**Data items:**
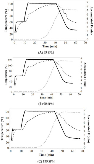 Heat penetration was determined for all retort runs and data was presented for the slowest probe of heat penetration with no reciprocal agitation of CJ, TJ, and PB rice (Figure 1A–C). The heat penetration of the product temperature lags the retort temperature during come-up, cook and cool for all rice, and the heat penetration profiles appear similar to slower heat penetration after the apparent gelatinization of rice starch during the cook and cool. The heat penetration profile with reciprocal agitation of 45, 90, and 130 SPM for CJ rice showed that with increasing reciprocal agitation, the temperature increased more rapidly with agitation during the 10 min hold for CJ rice (Figure 2A–C). A similar trend was observed for TJ and PB rice (Supplementary Figures S1 and S2). The retort temperature was held at 60 °C, a temperature lower than gelatinization, with reciprocal agitation to enhance hydration prior to gelatinization and potentially shorten the processing time. The product and retort heat penetration data were more closely overlayed with increased reciprocal agitation during the first 10 min of processing (Figure 2A–C) compared to static (Figure 1A). However, 90 and 130 SPM had minimal differences in heat penetration during come-up. Reciprocal agitation provided quicker heat transfer to the product during come-up and hold. After reciprocal agitation halted, heat penetration was similar. Subsequent gelatinization of rice resulted in heat transfer by conduction. Heat transfer was not improved if reciprocal agitation was continued during the cook and cool. The F0 values from the slowest heat penetration data ranged between 7 and 9 min for CJ rice, above the target of 6 min, attributed to the challenges to estimate the time to enter and exit cool with rice gelatinization.
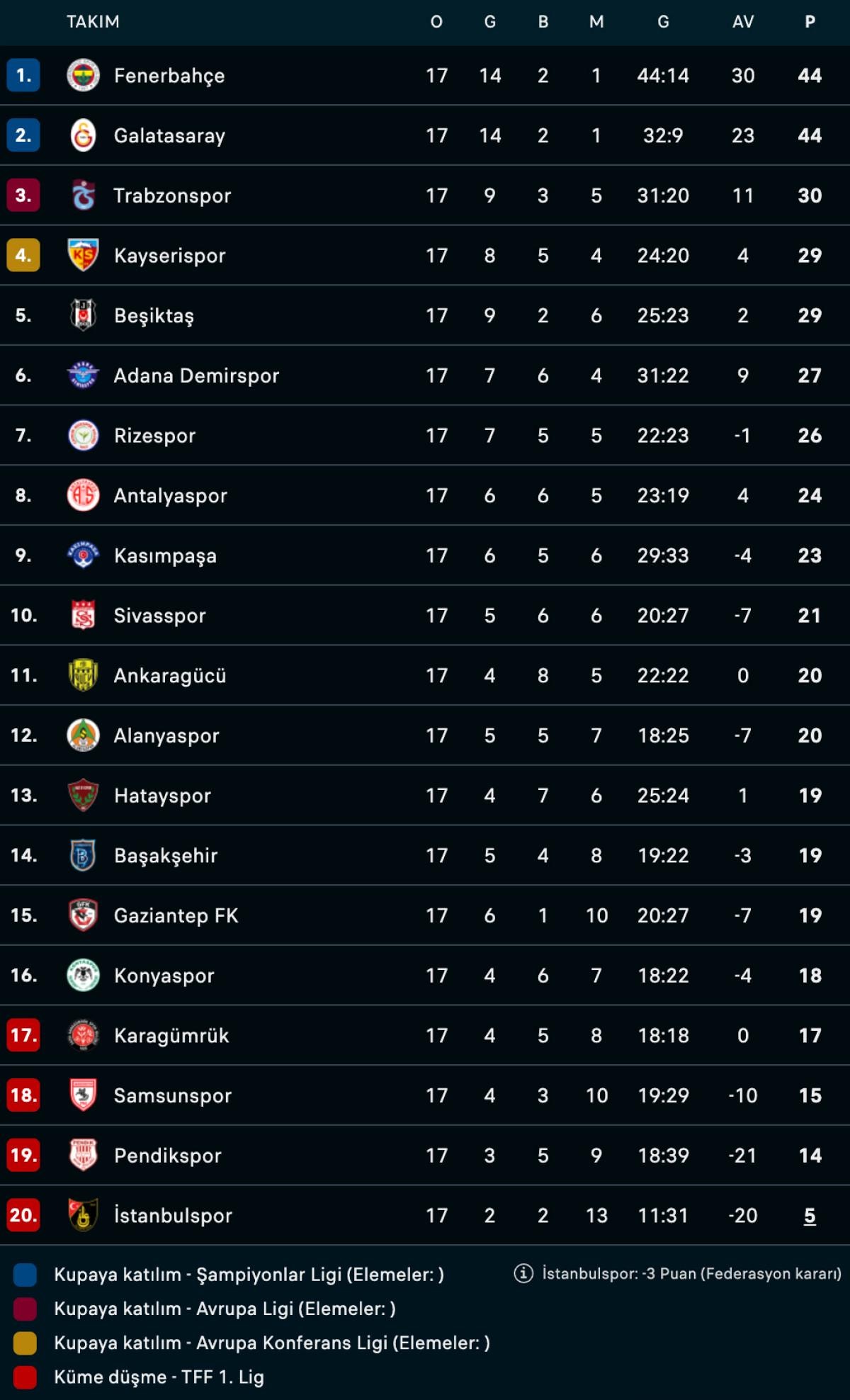 Haftaya averajla liderlik koltuğunda giren Fenerbahçe, derbide ağırladığı takipçisi Galatasaray ile 0-0 berabere kalarak liderliğini sürdürürken aynı puana sahip olan Galatasaray, 2. sırada yer aldı.
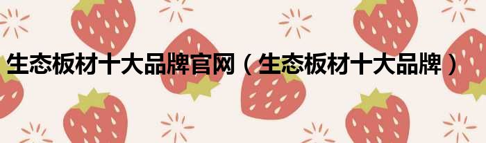 大家好,今天小六子来为大家解答以下的问题,关于生态板材十大品牌官网,生态板材十大品牌这个很多人还不知道,现在让我们一起来看看吧!
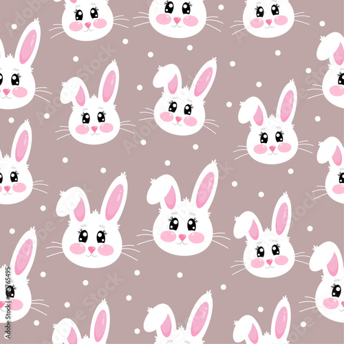© Olga Voron, Obraz premium Seamless pattern with happy cute funny kawaii little bunny on light brown background
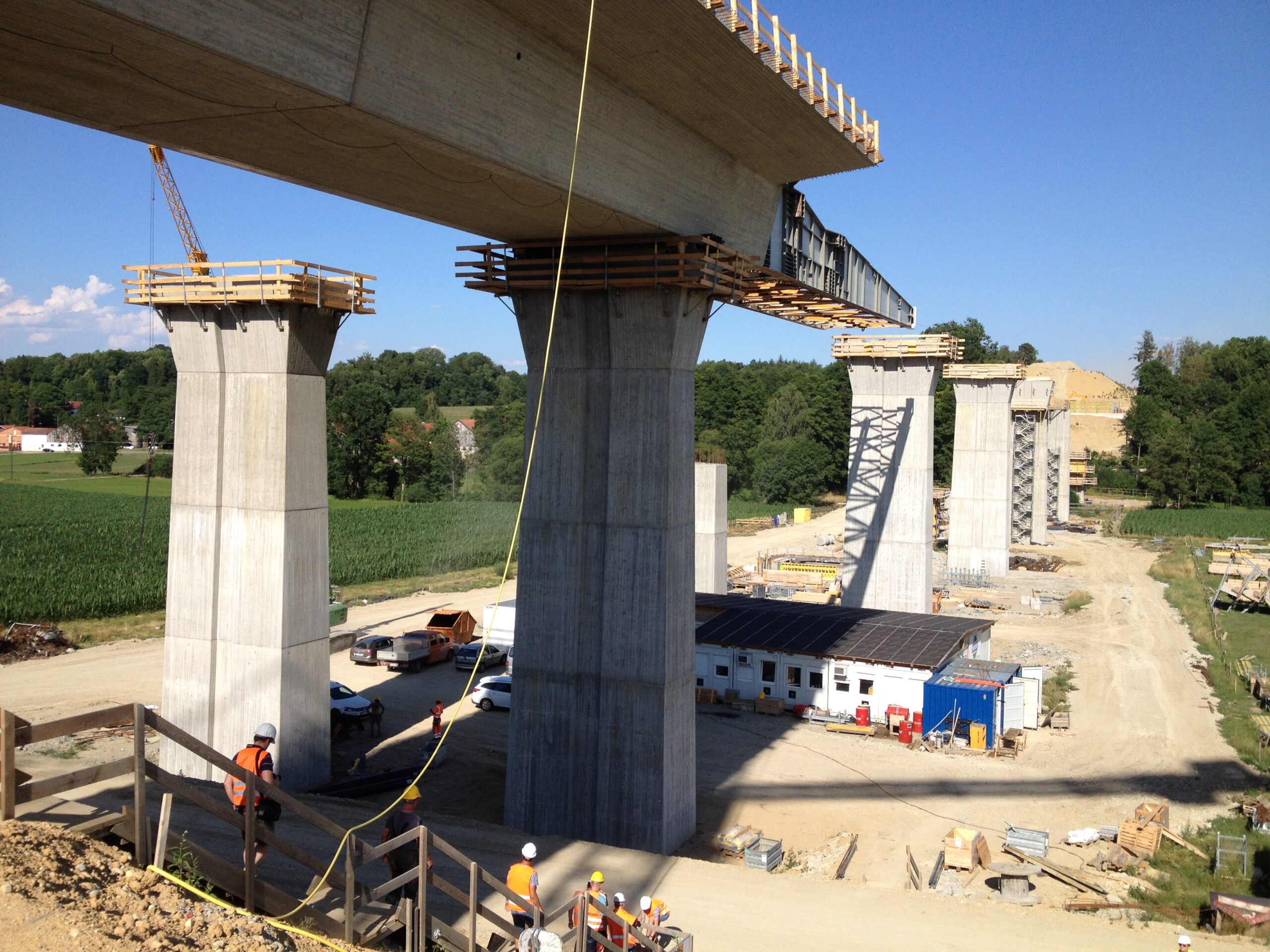 Die massiven Widerlager und die bis ca. 35 m hohen Pfeiler sind mittels Großbohrpfählen tief gegründet.

**WHAT THE EXERCISE ASKS:**
When you transcribe the entries above, keep every word exact and leave out the pictures.

**TASK RESPONSE:**
 Heat penetration was determined for all retort runs and data was presented for the slowest probe of heat penetration with no reciprocal agitation of CJ, TJ, and PB rice (Figure 1A–C). The heat penetration of the product temperature lags the retort temperature during come-up, cook and cool for all rice, and the heat penetration profiles appear similar to slower heat penetration after the apparent gelatinization of rice starch during the cook and cool. The heat penetration profile with reciprocal agitation of 45, 90, and 130 SPM for CJ rice showed that with increasing reciprocal agitation, the temperature increased more rapidly with agitation during the 10 min hold for CJ rice (Figure 2A–C). A similar trend was observed for TJ and PB rice (Supplementary Figures S1 and S2). The retort temperature was held at 60 °C, a temperature lower than gelatinization, with reciprocal agitation to enhance hydration prior to gelatinization and potentially shorten the processing time. The product and retort heat penetration data were more closely overlayed with increased reciprocal agitation during the first 10 min of processing (Figure 2A–C) compared to static (Figure 1A). However, 90 and 130 SPM had minimal differences in heat penetration during come-up. Reciprocal agitation provided quicker heat transfer to the product during come-up and hold. After reciprocal agitation halted, heat penetration was similar. Subsequent gelatinization of rice resulted in heat transfer by conduction. Heat transfer was not improved if reciprocal agitation was continued during the cook and cool. The F0 values from the slowest heat penetration data ranged between 7 and 9 min for CJ rice, above the target of 6 min, attributed to the challenges to estimate the time to enter and exit cool with rice gelatinization.
 Haftaya averajla liderlik koltuğunda giren Fenerbahçe, derbide ağırladığı takipçisi Galatasaray ile 0-0 berabere kalarak liderliğini sürdürürken aynı puana sahip olan Galatasaray, 2. sırada yer aldı.
 大家好,今天小六子来为大家解答以下的问题,关于生态板材十大品牌官网,生态板材十大品牌这个很多人还不知道,现在让我们一起来看看吧!
© Olga Voron, Obraz premium Seamless pattern with happy cute funny kawaii little bunny on light brown background
 Die massiven Widerlager und die bis ca. 35 m hohen Pfeiler sind mittels Großbohrpfählen tief gegründet.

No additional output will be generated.